Indentation counts! (and it is all that counts.)

This is perhaps the most controversial feature of Python for newcomers. Python does not use begin/end statements or braces {} to denote statement blocks. Instead, indentation is used to delimit blocks. Everything at the same level of indentation is considered in the same block. For example,

if x > 0:
   print "x is greater than 0"
   print "but I don't care"
if y > 0:
   print "y is greater than 0"
The first if block consists of two print statements, and the second consists of one. The amount of indentation does not matter (as long as it increases for nested blocks), but it must be consistent within a block.

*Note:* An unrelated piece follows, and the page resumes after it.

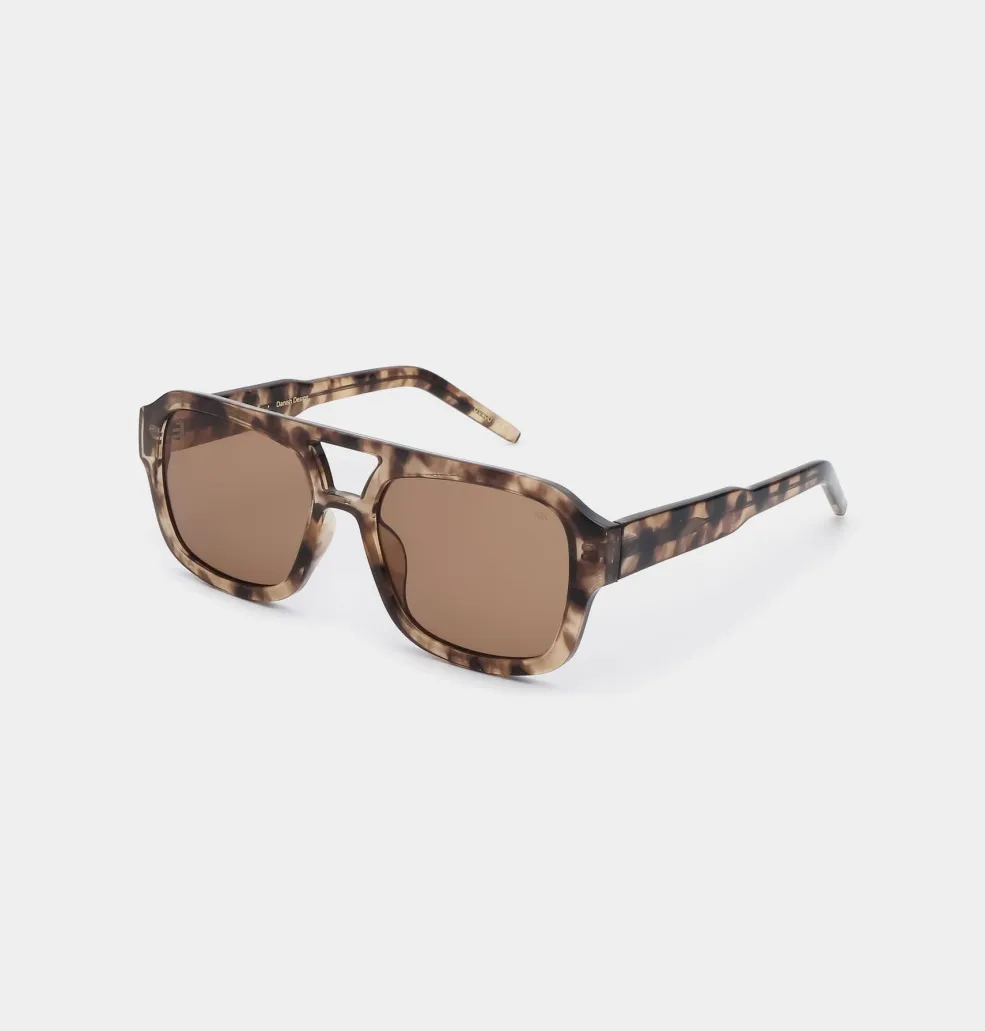 Solbriller fra A. Kjærbede med brun aviator-stel i polycarbonat. Brillen har brune linser med UV 400-beskyttelse og er udstyret med formbare stænger med metalkerne.

The main source of problems with indentation as a blocking scheme is inconsistent mixing of tabs and spaces. Python treats tabs as 8 spaces. If you use an editor that treats tabs as anything but 8 spaces, and you mix spaces and tabs, you may see indentations in your editor's display that appear identical but are different as far as Python is concerned. So the general rule is: Don't mix tabs and spaces for indentation. Use one or the other exclusively.

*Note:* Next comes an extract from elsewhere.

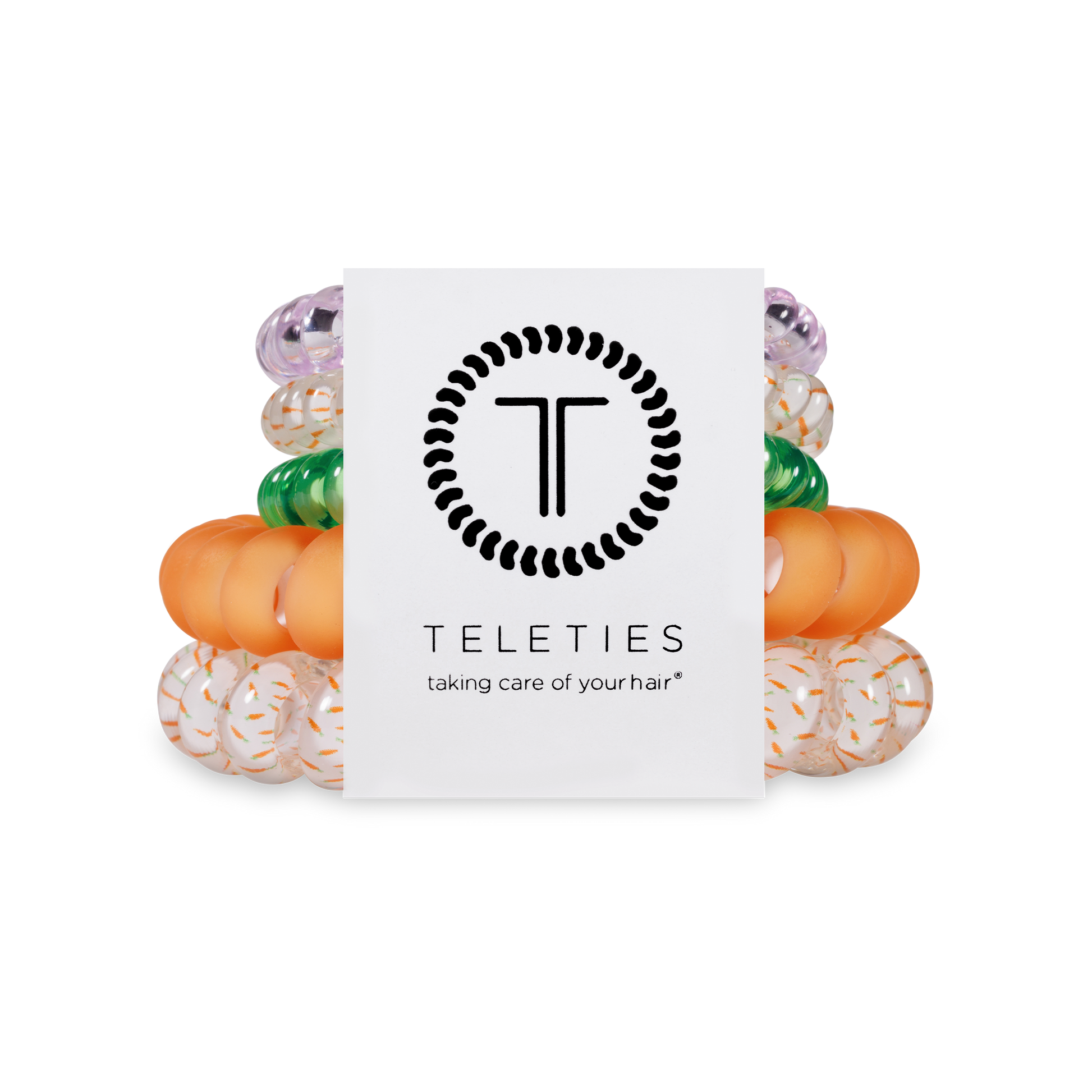 Say hello to TELETIES Hoppy Days! Mixed Pack —the ultimate Easter-ready accessory! This fun mixed pack features cheerful orange, pastel green, purple, and a cute white tie with little carrots, adding a playful pop of color to your spring look.

It may take a little time to adjust to the use of indentation for blocking, but if your experience is like ours, you will soon be wondering why all programming languages don't work this way. It leads to clear, easy-to-read code and is far less likely to lead to errors in blocking than approaches that use braces.

Python Data Structures

Python has a few, very useful, built-in data structures that you will see used everywhere.

Strings

The simplest and most familiar data structure is a string. String constants can be written with either single or double quotes. Python has a number of built-in string operations. Strings can be indexed and slices extracted using a simple subscripting notation. For example,
>>> x = 'test string'
>>> x[2]
's'
>>> x[1:3]
'es'
>>> x[-2]
'n'
>>> x[2:]
'st string'
>>> x[:2]
'te'
These few examples illustrate some unusual features. First, indexing is 0 based. The first element of a N-character string is number 0, and the last character is number N-1. (This is familiar to C and IDL users but differs from IRAF and Fortran.)

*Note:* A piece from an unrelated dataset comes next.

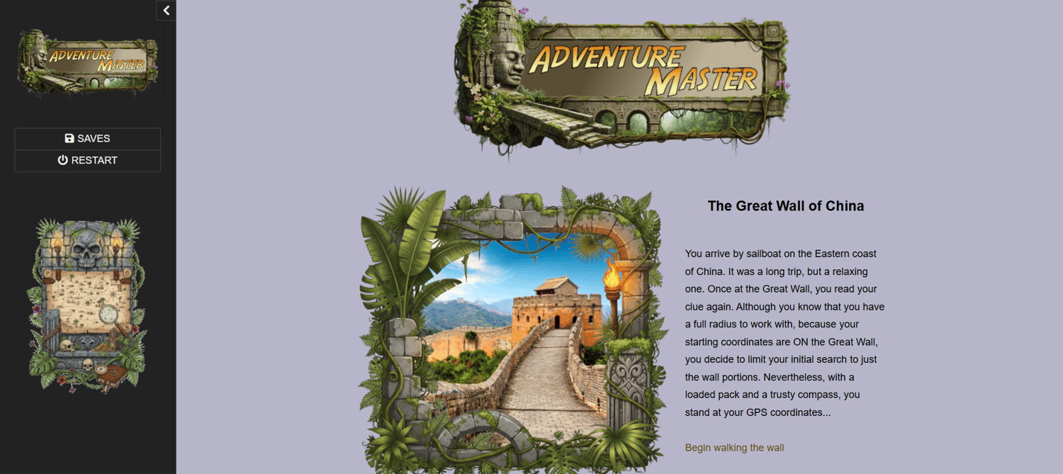 You find yourself stumbling across the Quest Adventure Society, an underground society responsible for creating adventure across the globe, and desire desperately to become a member of the team. They don't accept new members so readily, though. You're tasked with finding 50 treasures hidden all over the world. You'll go from location to location in a treasure hunt fashion to find each treasure and only way to continue on your adventure will be to correctly answer trivia questions on a variety of topics that Jones and Drake would likely know. With numerous randomizers utilized, there are literally trillions of possible combinations of locations and trivia questions possible to find each treasure.

When a range (or "slice" in Python terminology) is specified, the second number represents an index that is not included as part of the range. One should view indexing as working like this

 0   1   2   3   4   5   6   7   8   9  10  11 positive indices
   t   e   s   t       s   t   r   i   n   g
-11 -10 -9  -8  -7  -6  -5  -4  -3  -2  -1     negative indices
The indices effectively mark the gaps between the items in the string or list. Specifying 2:4 means everything between 2 and 4. Python sequences (including strings) can be indexed in reverse order as well. The index -1 represents the last element, -2 the penultimate element, and so forth. If the first index in a slice is omitted, it defaults to the beginning of the string; if the last is omitted, it defaults to the end of the string. So s[-4:] contains the last 4 elements of the string ('ring' in the above example).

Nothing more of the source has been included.